Midwestern and married without kids (Why I don't have babies)

First comes love, then comes marriage, then comes ... life.

Hi. I'm 28 years old, married and don't have children. 

If you're not from the Midwest you might not think that's strange. But there's still a traditional mindset here and the expectation goes something like this:

Go to college. Graduate. Get married ASAP. Have kids shortly thereafter. At least by the time you're 30. 

I think this is why Kansas City is often cited on those "worst cities for dating" lists. Most people are married and popping out babies by the time they can legally rent a car on their own.  

I didn't stray too far from these expectations. I went to college. I graduated. I dated my husband longer than society wanted us to before we got engaged ("Finally!" was a common reaction), but I was 24 when we tied the knot so I was still OK by most standards. 
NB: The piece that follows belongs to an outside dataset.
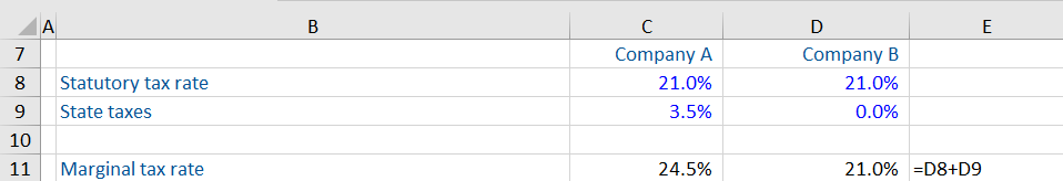 Here, we have assumed that Company B is operating in a state with no state taxes. As a result, it has a lower marginal tax rate when compared with Company A.

But now I'm 28. My husband is 30. We've been married more than three years and we don't have kids. And oh my goodness we are not meeting the expectations of Midwest society. 

I think maybe we should start paying ourselves $1 every time someone asks us when we are going to have kids to help build up a college fund for our future little one. And I have to wonder if when it does happen, we will get the same "Finally!" reaction we received after announcing our engagement.
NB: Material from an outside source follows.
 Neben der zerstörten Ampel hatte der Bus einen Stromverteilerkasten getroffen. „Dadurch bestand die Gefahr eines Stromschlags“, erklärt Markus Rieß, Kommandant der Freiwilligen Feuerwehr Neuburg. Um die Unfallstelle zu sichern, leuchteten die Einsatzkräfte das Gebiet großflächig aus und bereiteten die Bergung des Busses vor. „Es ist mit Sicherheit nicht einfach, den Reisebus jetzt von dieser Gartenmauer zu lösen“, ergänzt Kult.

Who decided we need to have kids right now? Where did these rules come from? And why do people think it's so wrong for us to break them?
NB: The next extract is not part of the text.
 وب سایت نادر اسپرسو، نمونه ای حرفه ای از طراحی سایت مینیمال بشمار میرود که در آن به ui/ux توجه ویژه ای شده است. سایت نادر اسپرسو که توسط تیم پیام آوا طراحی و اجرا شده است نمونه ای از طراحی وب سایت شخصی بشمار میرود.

Here's the deal. I like kids. And we want kids. Someday. But we will have them when the time is right. And I'm not sure when that is, but if anyone is truly concerned about this you should talk to God because he's the one with the plan. Not Midwest society. 

We are happy right now. My husband and I are both in a period of growth, as individuals and as a couple. We — two recovering stress addicts — are enjoying each day, striving to live in and for the present moment. Sorry not sorry if that doesn't work with Expectation's agenda for us. 

This is starting to get ranty. 

I don't mean for this to sound like a rant. That's not my intention. My intention is to question "ideals" and "standards" that the status quo determined, and ask you to do the same. 

I have friends who have children and who are incredibly happy. I have friends who are single and don't have children and are also happy. And we are married and without kids and we are happy. All different situations. All happy. Weird. I guess we don't all have to be the same. 

Someday we will have kids. I look forward to it. And honestly at this moment I don't know if it will be a month from now or 10 years from now. But I know that when it happens, it will be because we want it and the universe wills it. Not because of our birth dates and marriage tenure.